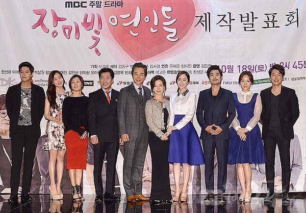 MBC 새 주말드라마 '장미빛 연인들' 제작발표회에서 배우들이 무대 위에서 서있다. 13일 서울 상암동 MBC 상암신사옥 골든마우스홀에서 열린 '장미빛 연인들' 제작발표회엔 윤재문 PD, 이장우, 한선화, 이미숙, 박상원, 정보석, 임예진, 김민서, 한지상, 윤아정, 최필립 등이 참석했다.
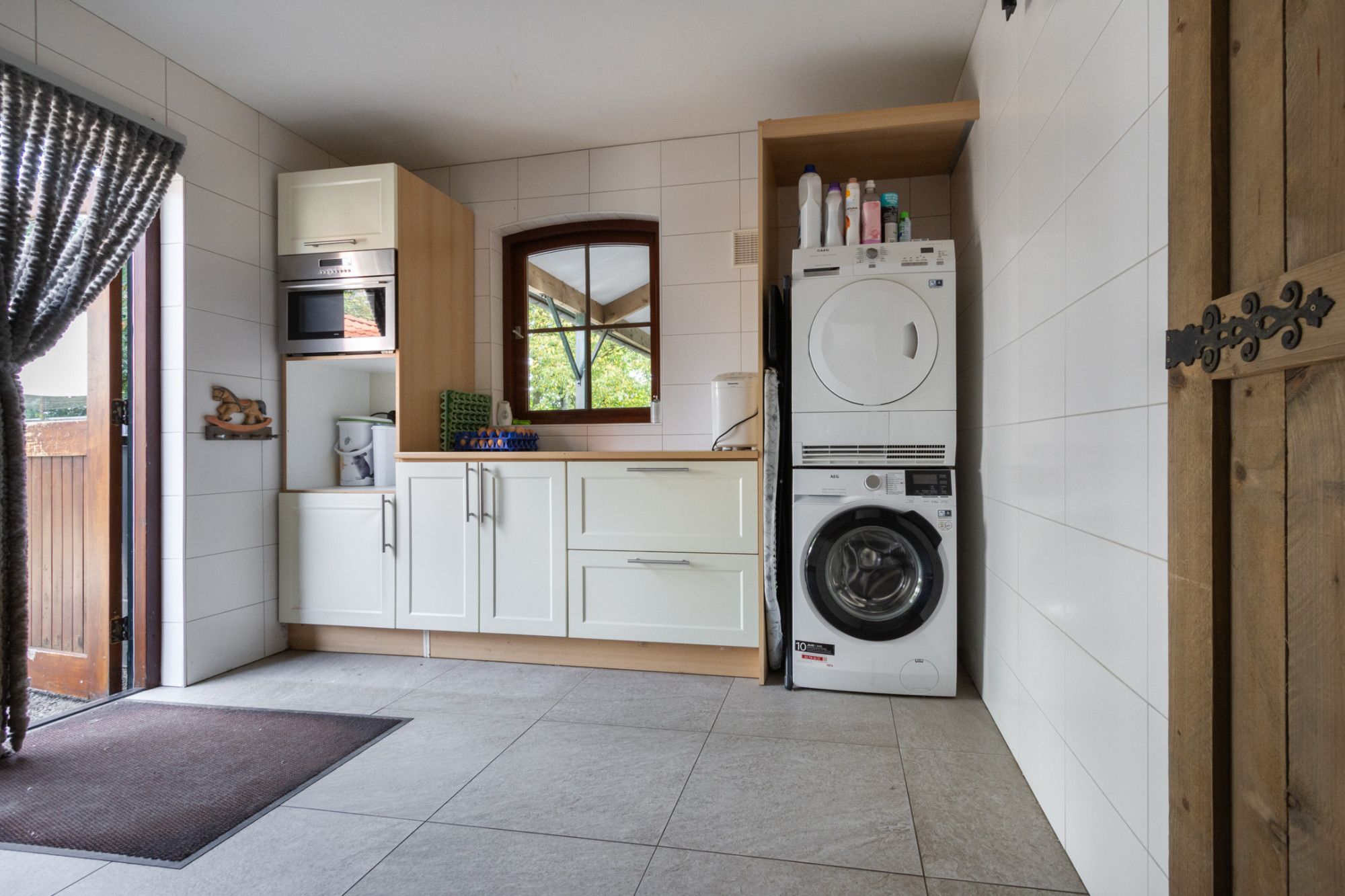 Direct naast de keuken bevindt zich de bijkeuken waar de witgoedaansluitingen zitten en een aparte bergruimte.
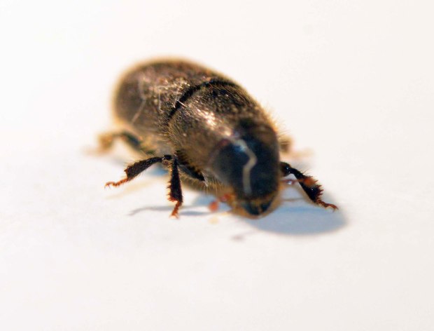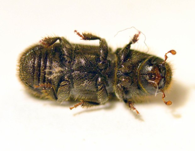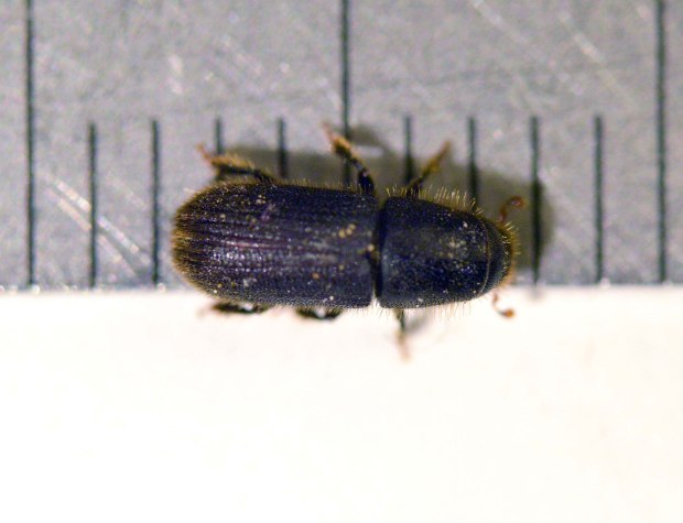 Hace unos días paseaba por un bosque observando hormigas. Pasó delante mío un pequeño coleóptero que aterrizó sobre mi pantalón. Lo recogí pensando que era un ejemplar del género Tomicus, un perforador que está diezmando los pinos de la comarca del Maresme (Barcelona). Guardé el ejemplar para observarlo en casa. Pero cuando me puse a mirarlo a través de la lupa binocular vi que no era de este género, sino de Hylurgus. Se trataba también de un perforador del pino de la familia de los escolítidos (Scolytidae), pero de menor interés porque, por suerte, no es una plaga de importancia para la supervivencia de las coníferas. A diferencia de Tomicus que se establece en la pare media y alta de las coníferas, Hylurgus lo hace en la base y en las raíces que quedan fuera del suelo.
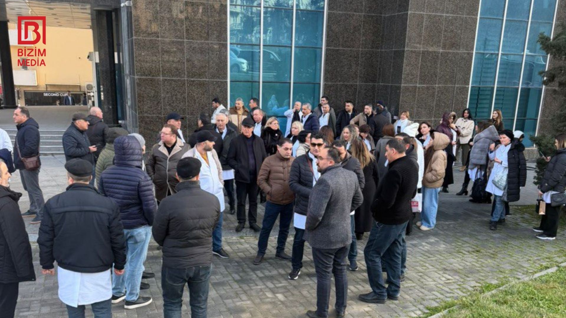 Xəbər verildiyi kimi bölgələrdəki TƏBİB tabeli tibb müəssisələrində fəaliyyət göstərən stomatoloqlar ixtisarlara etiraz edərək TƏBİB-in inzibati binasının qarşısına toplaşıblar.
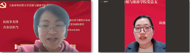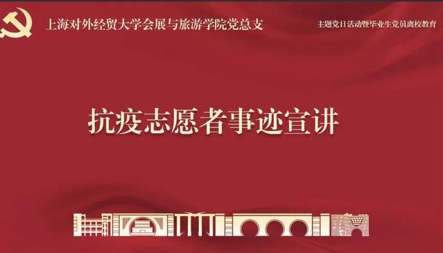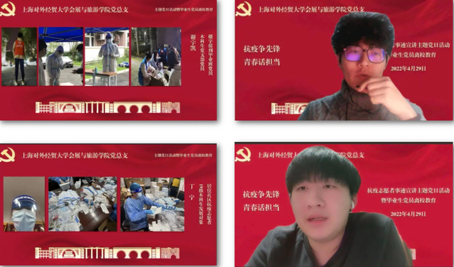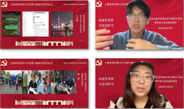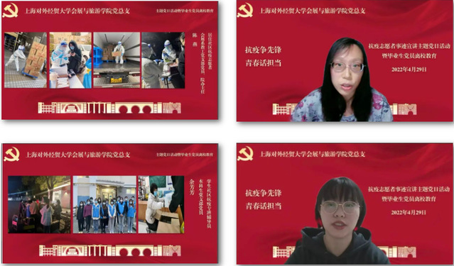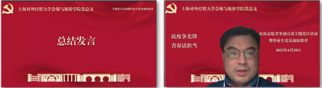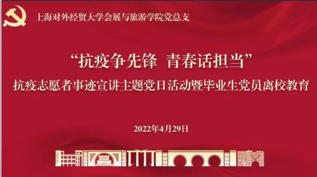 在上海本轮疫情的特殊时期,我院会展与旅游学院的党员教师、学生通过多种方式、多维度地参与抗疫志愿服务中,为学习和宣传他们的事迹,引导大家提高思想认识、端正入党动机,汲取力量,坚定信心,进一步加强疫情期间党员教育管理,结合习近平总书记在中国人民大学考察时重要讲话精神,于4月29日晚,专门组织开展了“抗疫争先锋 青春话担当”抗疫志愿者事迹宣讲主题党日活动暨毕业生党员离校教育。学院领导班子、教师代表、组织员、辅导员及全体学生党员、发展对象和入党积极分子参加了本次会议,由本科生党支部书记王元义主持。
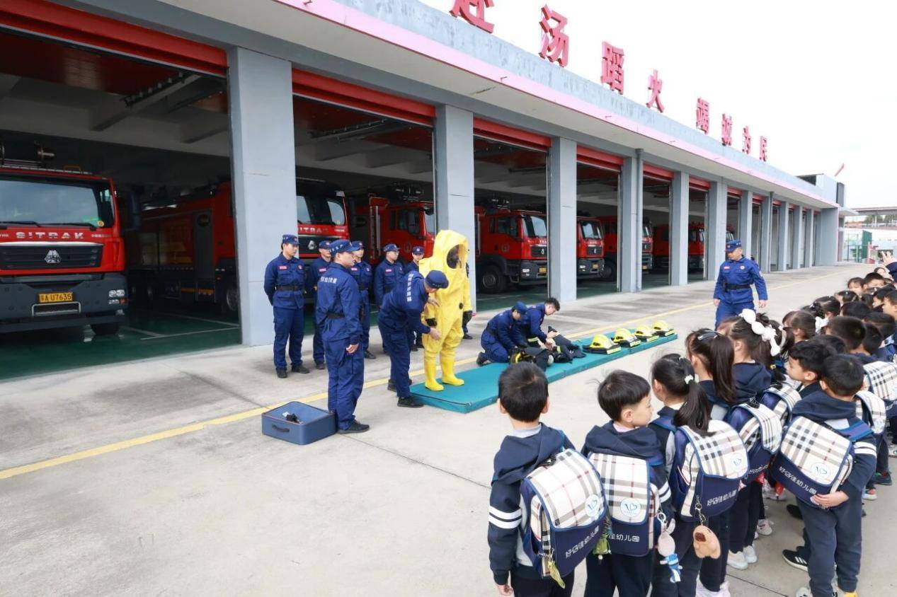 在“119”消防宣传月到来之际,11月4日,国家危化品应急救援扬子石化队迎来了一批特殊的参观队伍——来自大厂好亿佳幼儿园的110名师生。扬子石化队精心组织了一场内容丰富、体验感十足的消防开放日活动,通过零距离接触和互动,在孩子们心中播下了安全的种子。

...

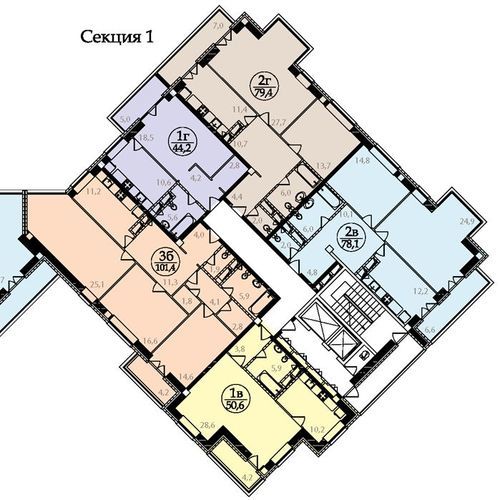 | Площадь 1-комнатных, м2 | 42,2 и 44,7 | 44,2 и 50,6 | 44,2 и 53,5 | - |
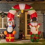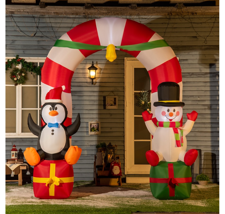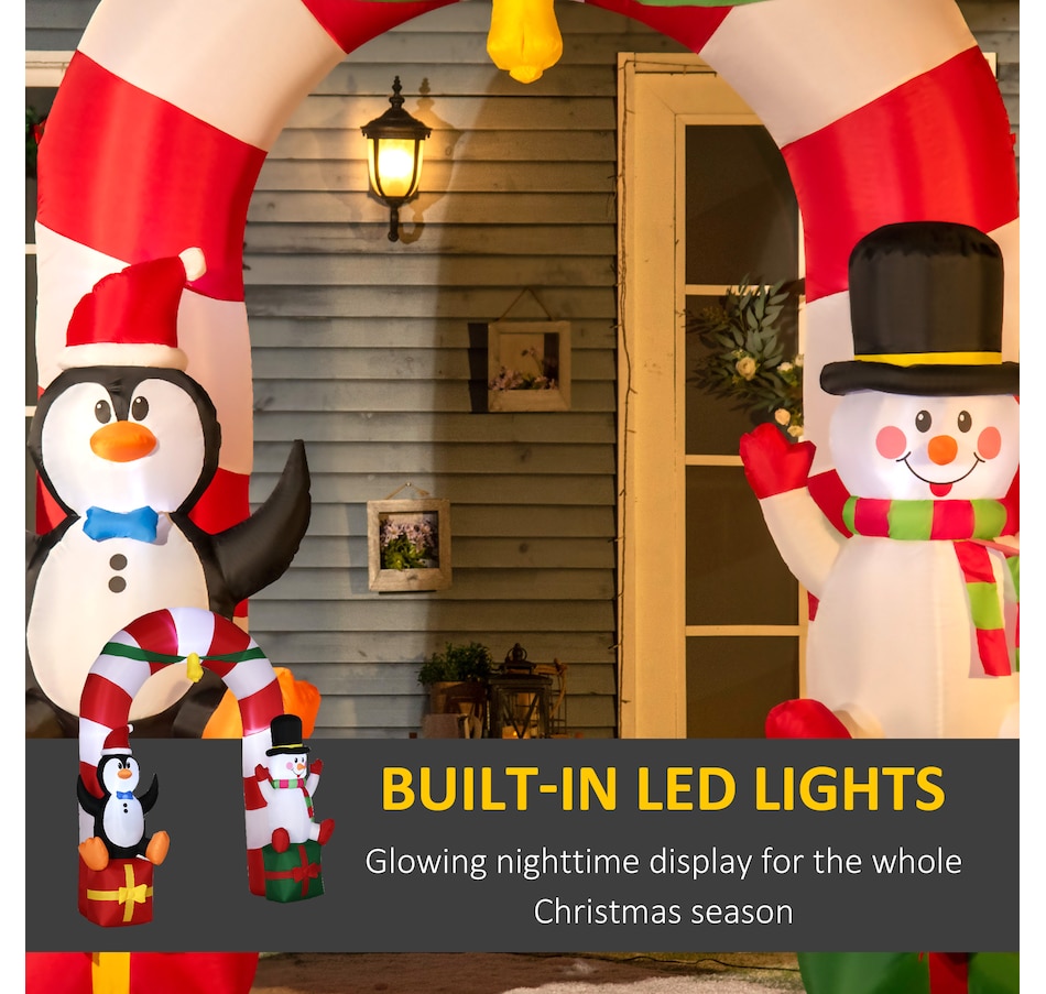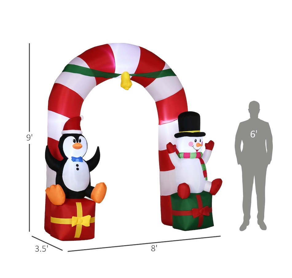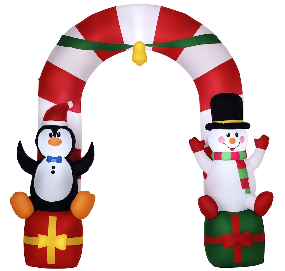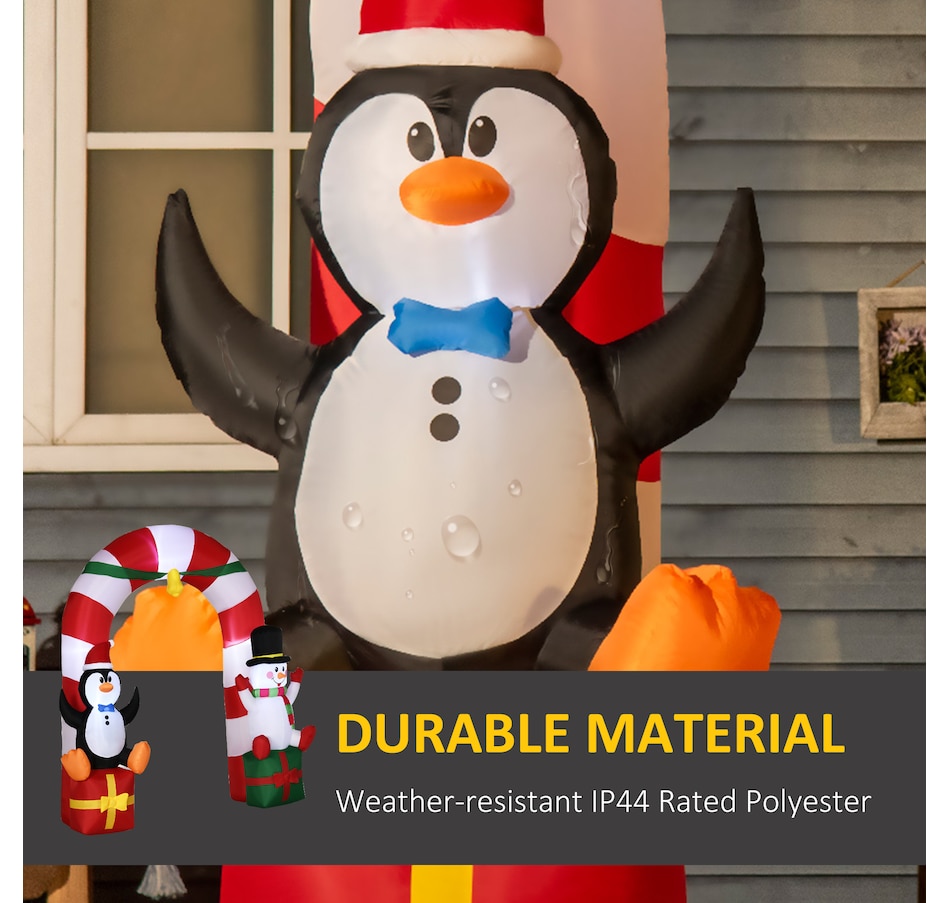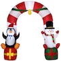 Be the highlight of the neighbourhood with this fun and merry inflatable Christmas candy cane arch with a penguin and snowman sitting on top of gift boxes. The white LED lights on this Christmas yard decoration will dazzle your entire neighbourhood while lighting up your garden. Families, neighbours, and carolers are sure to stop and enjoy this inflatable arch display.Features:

**INSTRUCTIONS TO FOLLOW**
Above are the records; restate exactly the lines from the one containing "MBC 새 주말드라마" through the one containing "Direct naast de", keeping pictures out.

**TASK RESULT**
 MBC 새 주말드라마 '장미빛 연인들' 제작발표회에서 배우들이 무대 위에서 서있다. 13일 서울 상암동 MBC 상암신사옥 골든마우스홀에서 열린 '장미빛 연인들' 제작발표회엔 윤재문 PD, 이장우, 한선화, 이미숙, 박상원, 정보석, 임예진, 김민서, 한지상, 윤아정, 최필립 등이 참석했다.
 Direct naast de keuken bevindt zich de bijkeuken waar de witgoedaansluitingen zitten en een aparte bergruimte.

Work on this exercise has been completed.